Top of DATASET EXTRACT
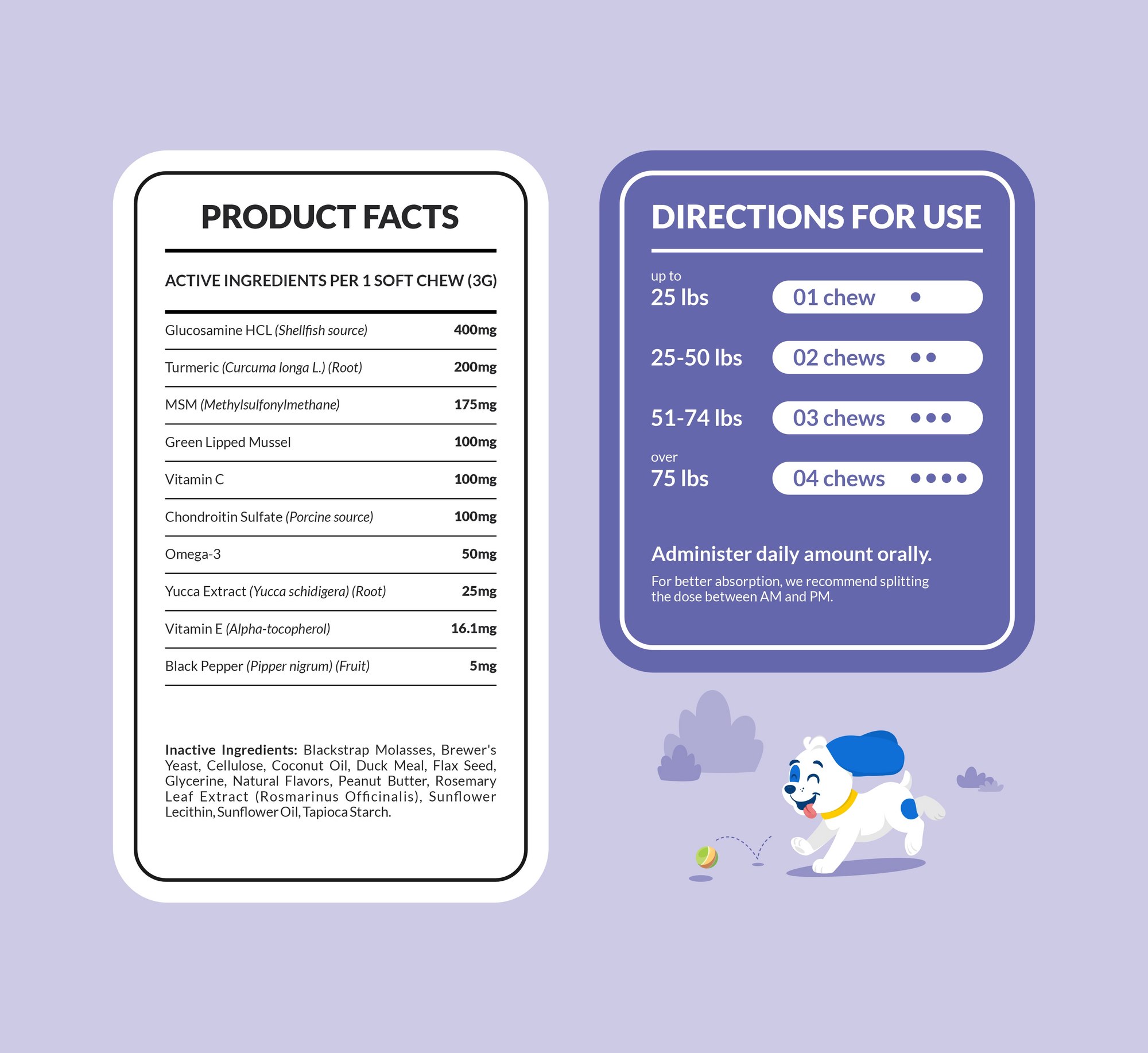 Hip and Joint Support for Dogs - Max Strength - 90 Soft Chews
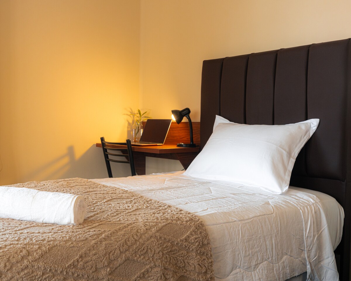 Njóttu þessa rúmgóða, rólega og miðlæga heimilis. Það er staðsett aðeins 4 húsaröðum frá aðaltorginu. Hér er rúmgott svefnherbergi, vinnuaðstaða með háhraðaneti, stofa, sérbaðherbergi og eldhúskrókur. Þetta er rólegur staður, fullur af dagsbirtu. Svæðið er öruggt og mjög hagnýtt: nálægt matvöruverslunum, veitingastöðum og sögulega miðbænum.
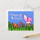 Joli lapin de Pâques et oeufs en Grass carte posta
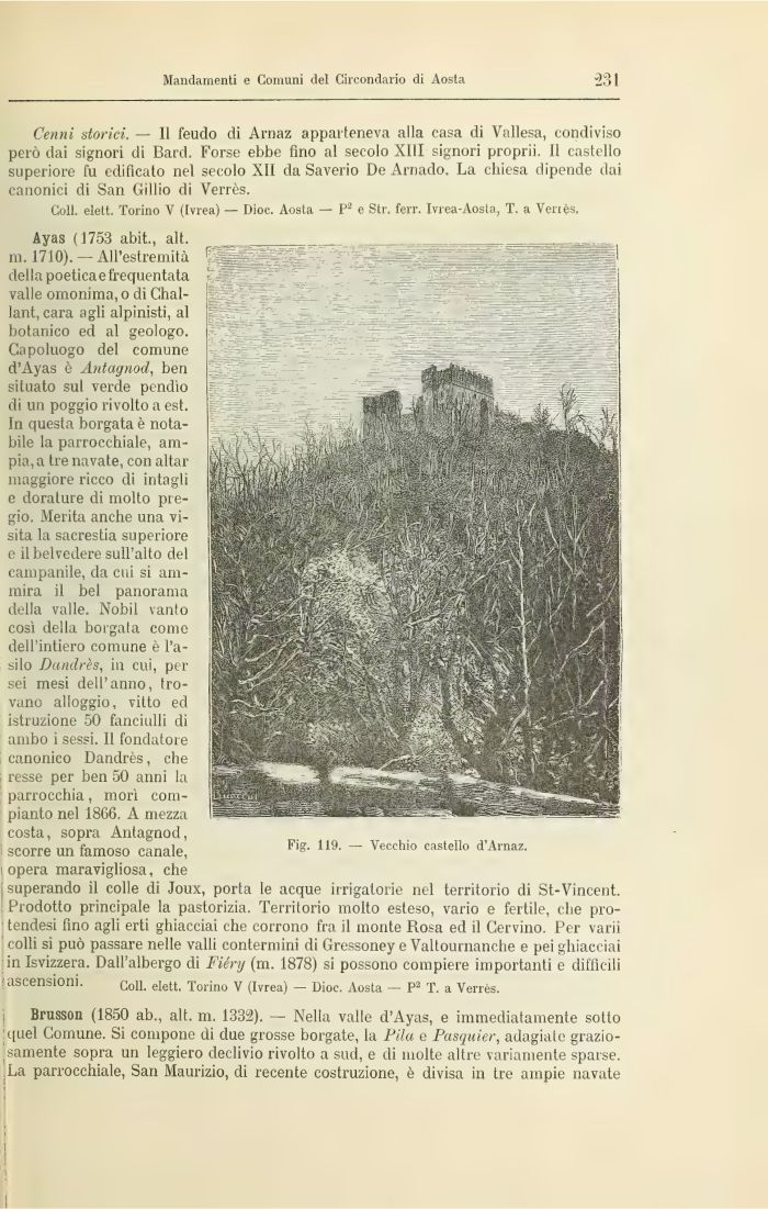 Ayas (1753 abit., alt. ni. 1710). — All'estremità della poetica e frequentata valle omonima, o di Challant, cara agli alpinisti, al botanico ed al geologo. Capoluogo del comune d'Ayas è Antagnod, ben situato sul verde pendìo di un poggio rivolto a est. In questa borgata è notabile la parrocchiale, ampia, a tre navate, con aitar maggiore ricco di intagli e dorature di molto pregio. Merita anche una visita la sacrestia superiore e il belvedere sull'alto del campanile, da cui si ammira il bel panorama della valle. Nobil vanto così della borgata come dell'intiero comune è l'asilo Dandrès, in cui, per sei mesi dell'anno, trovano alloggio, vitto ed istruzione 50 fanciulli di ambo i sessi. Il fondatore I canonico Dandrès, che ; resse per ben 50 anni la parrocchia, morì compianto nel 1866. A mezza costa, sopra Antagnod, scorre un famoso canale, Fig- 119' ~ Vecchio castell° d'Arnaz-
Bottom of DATASET EXTRACT
Top of DATASET EXTRACT
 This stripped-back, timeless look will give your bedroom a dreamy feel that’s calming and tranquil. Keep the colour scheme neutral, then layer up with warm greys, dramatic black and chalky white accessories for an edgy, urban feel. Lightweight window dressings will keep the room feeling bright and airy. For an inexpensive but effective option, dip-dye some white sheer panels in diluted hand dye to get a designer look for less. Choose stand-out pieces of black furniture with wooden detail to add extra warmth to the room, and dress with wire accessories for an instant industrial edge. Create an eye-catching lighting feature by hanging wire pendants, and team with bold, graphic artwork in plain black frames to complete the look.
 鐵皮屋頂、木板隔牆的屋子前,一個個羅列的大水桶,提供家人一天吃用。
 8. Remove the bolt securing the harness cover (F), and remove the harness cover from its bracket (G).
Bottom of DATASET EXTRACT
Top of DATASET EXTRACT
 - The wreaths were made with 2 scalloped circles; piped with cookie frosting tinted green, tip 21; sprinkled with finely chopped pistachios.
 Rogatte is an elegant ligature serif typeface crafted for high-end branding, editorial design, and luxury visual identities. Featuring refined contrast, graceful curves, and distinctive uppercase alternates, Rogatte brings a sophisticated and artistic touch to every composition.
Bottom of DATASET EXTRACT
- TASK DESCRIPTION -
In the entries above, find the line with "鐵皮屋頂、木板隔牆的屋子前,一個個羅列的大水桶,提供家人一天吃用。" and the line with "8. Remove the", then restate word for word both of them and every line between, with nothing more.

- EXPECTED OUTPUT -
 鐵皮屋頂、木板隔牆的屋子前,一個個羅列的大水桶,提供家人一天吃用。
 8. Remove the bolt securing the harness cover (F), and remove the harness cover from its bracket (G).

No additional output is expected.